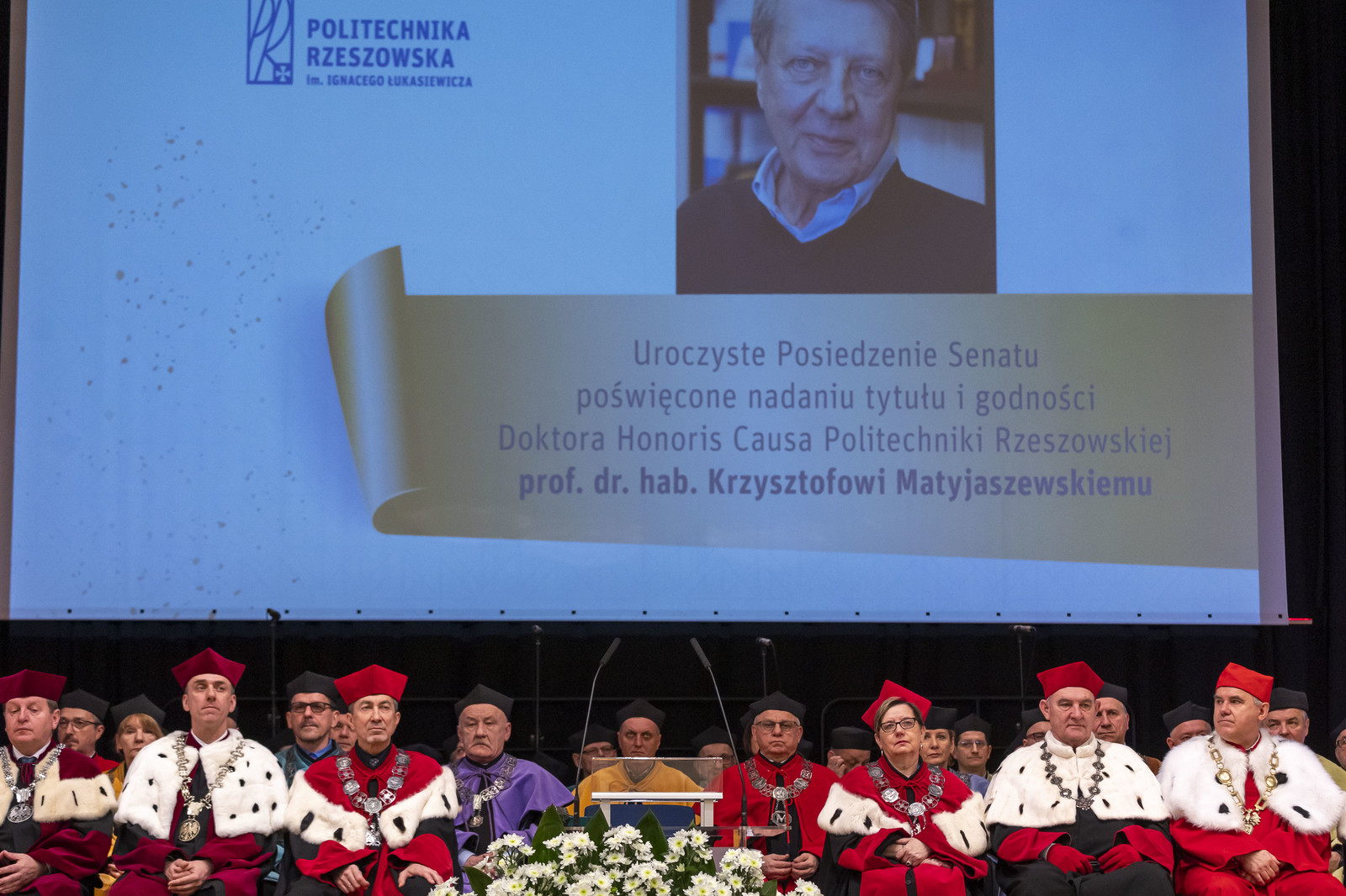 Tytuł i godność doktora honoris causa prof. Krzysztofowi Matyjaszewskiemu został nadany podczas uroczystego posiedzenia Senatu Politechniki Rzeszowskiej. W wydarzeniu uczestniczyli rektorzy i prorektorzy oraz naukowcy uczelni współpracujących z Politechniką Rzeszowską. Na uroczystość przybyli również przedstawiciele władz miasta i regionu, służb mundurowych, wielu instytucji współpracujących z naszą uczelnią i Wydziałem Chemicznym oraz pracownicy i studenci naszej uczelni.
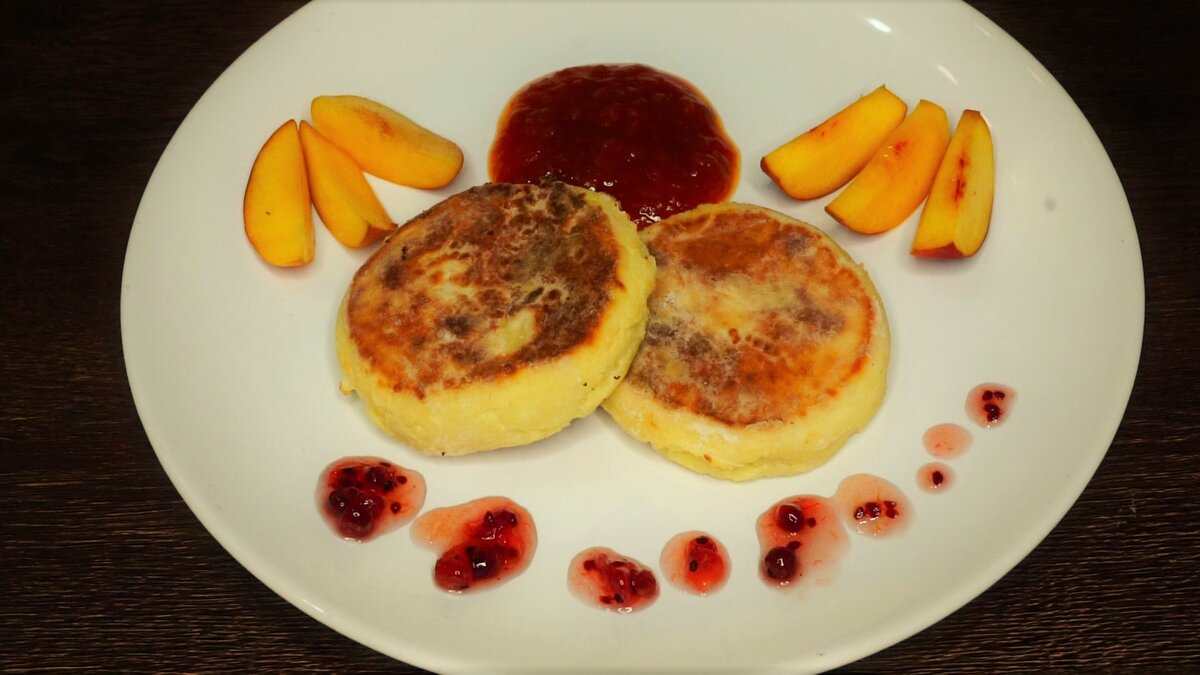 Приготовление: В творог добавляем манку, сахар, соль, ванилин и всё тщательно перемешиваем. Вбиваем яйцо и всё хорошо разминаем вилкой или толкушкой. Полученную творожную массу отправляем в холодильник на 1 час. Спустя время формируем сырники. Поверхность стола посыпаем мукой. Сначала формируем из творога круг, а из круга шайбочки при помощи ножа. На разогретую сковороду вливаем 1 ч.л. растительного масла, смазываем сковороду и выкладываем поджариваться сырники. Обжариваем с обеих сторон. Далее на пергаментную бумагу выкладываем сырники и отправляем в духовку на 10 минут при 180С. Вкуснейшие сырники готовы! Рецепт: Творог - 400 гр Манка - 1 ст.л. Сахар - 2 ч.л. Ванильный сахар - 1 ч.л. Соль Яйцо - 1 шт Мука Масло растительное Варенье смородины Фрукты Ссылка на видео рецепт:
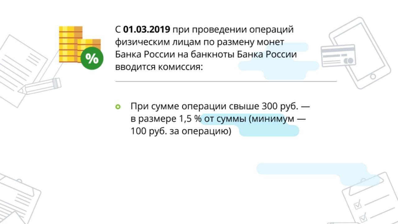 16 фев 2019, 11:05:59 Добрый день!А ещё,я вчера зашёл в два отделения Сбербанка, хотел мелочь взять,в наличии было мало,2р-560и 1р-440=1000руб.,а насчёт заказать,мне ответили что с февраля больше заказывать нельзя! Это у всех так? С уважением 0 Поделиться сообщением Ссылка на сообщение Поделиться на другие сайты
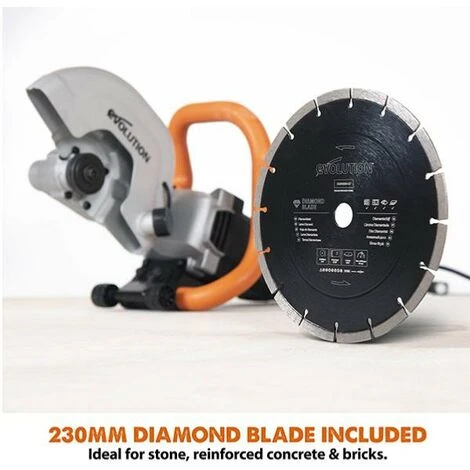 – Con lama diamantata in dotazione da 230 mm
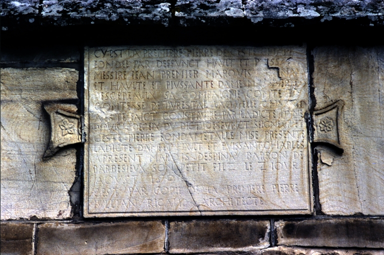Vue de détail d'un cartouche gravé sur un mur de l'église.Immatriculation
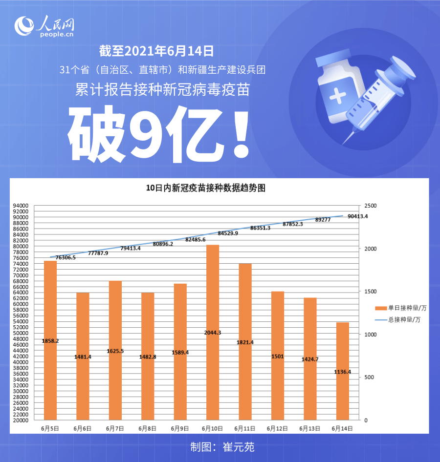 国家卫健委:截至6月14日全国累计接种新冠病毒疫苗90413.4万剂次
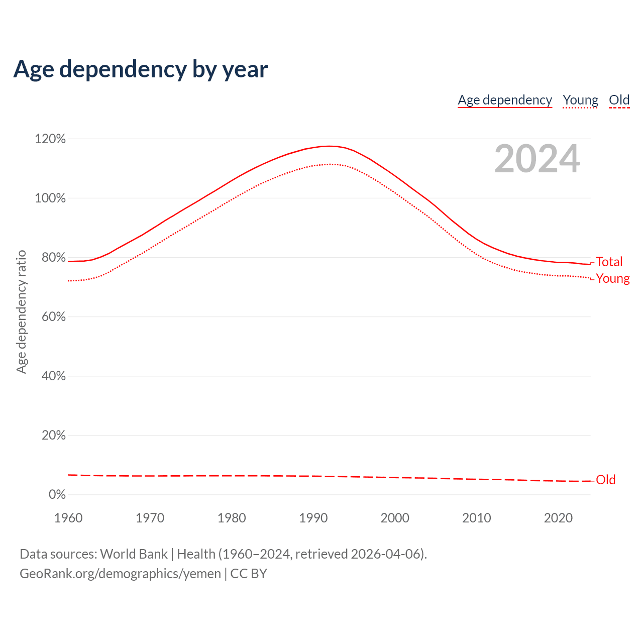 Data sources: World Bank | Health (1960–2024, retrieved 2026-04-06); U.S. Census Bureau (1960–2024, retrieved 2026-02-08).

········

Requirement:
Once the line containing "国家卫健委:截至6月14日全国累计接种新冠病毒疫苗90413.4万剂次" is found, transcribe it and every line after it to the end of the records, exactly and with no pictures.

Output below:
 国家卫健委:截至6月14日全国累计接种新冠病毒疫苗90413.4万剂次
 Data sources: World Bank | Health (1960–2024, retrieved 2026-04-06); U.S. Census Bureau (1960–2024, retrieved 2026-02-08).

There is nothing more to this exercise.